Eleven streams in Kitsap County are so polluted with bacteria that the Health District advises the public to avoid contact with them. Click here to see a map of these streams. These include:

  • Annapolis Creek (Port Orchard area)
  • Barker Creek (Silverdale area)
  • Daniels Creek (Poulsbo area)
  • Enetai (Dee) Creek (East Bremerton)
  • Indianola Creek (Indianola)
  • Karcher Creek (Port Orchard area)
  • Kitsap Creek (Indianola)
  • Ostrich Bay Creek (West Bremerton)
  • Phinney Creek (West Bremerton)
  • Sacco Creek (Port Orchard area)
  • Steele Creek (Brownsville)

Click here for more information about waterborne illness.
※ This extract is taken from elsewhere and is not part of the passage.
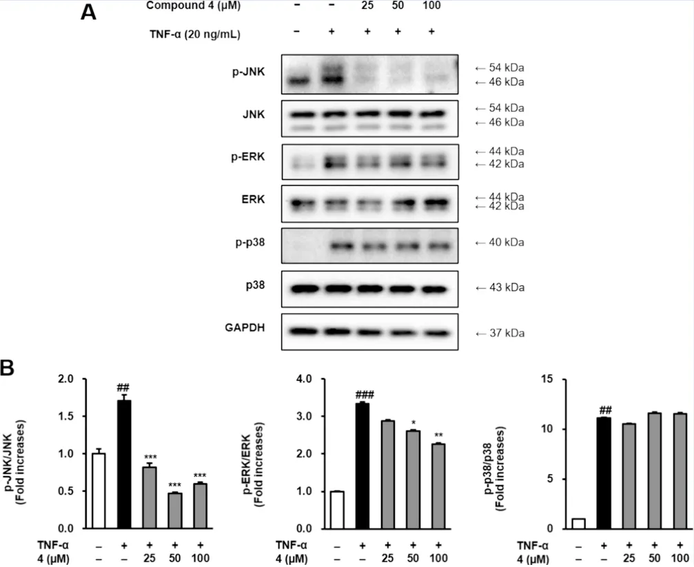 图示内容:Inulajaponic acid C(4)对TNF-α诱导的NHDF细胞中JNK、ERK和p38蛋白磷酸化水平的影响。细胞用25、50、100 μM化合物4处理1小时后,再用20 ng/mL TNF-α处理15分钟。

To find out about plans to clean up these streams and what you can do to help, please contact the Water Quality Program at (360) 337-5235.



The Health District's Surface Water Quality Monitoring Program is funded by the Kitsap County Surface & Stormwater Management Program. The purpose of the program is to describe ongoing long-term water quality trends for marine waters and streams in Kitsap County. The Water Quality Trend Monitoring Plan details the goals, objectives, and methodologies of the trend monitoring program and serves as a guide to Health District monitoring staff. As needed, this plan will be reviewed and amended in response to changes in monitoring goals and objectives.
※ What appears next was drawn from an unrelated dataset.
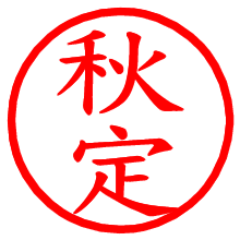 [朱肉の色]を選び、入力窓に“秋定”と入力して[生成]ボタンを押すと、印影が更新され、リンクから電子印鑑(デジタル印影)がダウンロードできます。 電子印鑑「秋定」の作り方文字表示が変なときや、文字バランスが悪いときは[字形切替]のチェックボックスでON/OFFを切り替え[生成]しなおしてください。 生成される画像は通常の印影「秋定.png」と、にじみを表現した少し太めの印影「秋定B.png」の背面透過PNG形式2種と、鮮明なPDF形式の印影「秋定.pdf」の計3種類です。 朱肉の微妙な色の違いを7色で表現しました。デフォルト(左端)は、JISが定めた朱肉の色のマンセル値(7.5R 5/14)をRGB値(217,66,54)に変換したものになっています。 「電子透かし」にチェックを入れて[生成]ボタンを押すと、タイムスタンプを電子透かしとして埋め込んだセキュアな電子印鑑が作れます。詳細は別ページの「タイムスタンプと電子透かし」でご覧ください。 秋定さんの日付印が作れます。「日付スタンプメーカー」は、社内向けの書類に利用されることの多い日付印(データ印)が無料で作れるWebアプリケーションです。中段に日付が入り、上段と下段は、ともに8文字まで文字が入ります。 ![]() 古代文字で落款印が作れます。「落款スタンプメーカー」で作品を引き立たせる落款印が作れます。
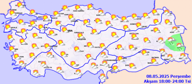 ANKARA (İGFA) – Meteoroloji Genel Müdürlüğü, 8 Mayıs Perşembe gününe ilişkin hava tahmin raporunu yayımladı. Buna göre ülkemiz genelinin parçalı ve çok bulutlu, Akdeniz’in Toroslar mevkii, Batı Karadeniz’in iç kesimleri, Orta ve Doğu Karadeniz, Doğu Anadolu ile Kırklareli, Kahramanmaraş, Karaman, Yozgat, Kayseri, Sivas, Niğde, Adıyaman, Diyarbakır, Batman ve Siirt çevreleri ile Antalya’nın iç kesimlerinin sağanak ve gök gürültülü sağanak yağışlı geçeceği tahmin ediliyor. Güney Ege ve Batı Akdeniz’de toz taşınımı bekleniyor.

Consistent with the Health District’s mission, the primary focus of this monitoring program is assessing long-term trends in parameters associated with human sewage and animal waste from nonpoint pollution sources. The Health District assesses water quality trends by analyzing fecal coliform bacteria, E. coli bacteria (lake stations only), turbidity, dissolved oxygen, pH, and temperature data from streams, lakes, and marine waters throughout Kitsap County. Monitoring data is provided to the Kitsap County Surface and Storm Water Management Program residents of Kitsap County, and staff from other local, state, and tribal water quality programs.

Because Kitsap County municipalities do not participate in the Surface and Storm Water Management Program, no data is collected on Bainbridge Island or from surface waters exclusively within the jurisdiction of a municipality. Additionally, stormwater monitoring is the responsibility of the Kitsap County Department of Public Works and is not addressed in this plan. Coordination with these agencies occurs to the extent necessary to meet the goals and objectives stated in this plan and in the Surface and Storm Water Management Program scope of work. Groundwater monitoring is also not included in this plan. The Health District’s lake monitoring activities are discussed in a separate plan.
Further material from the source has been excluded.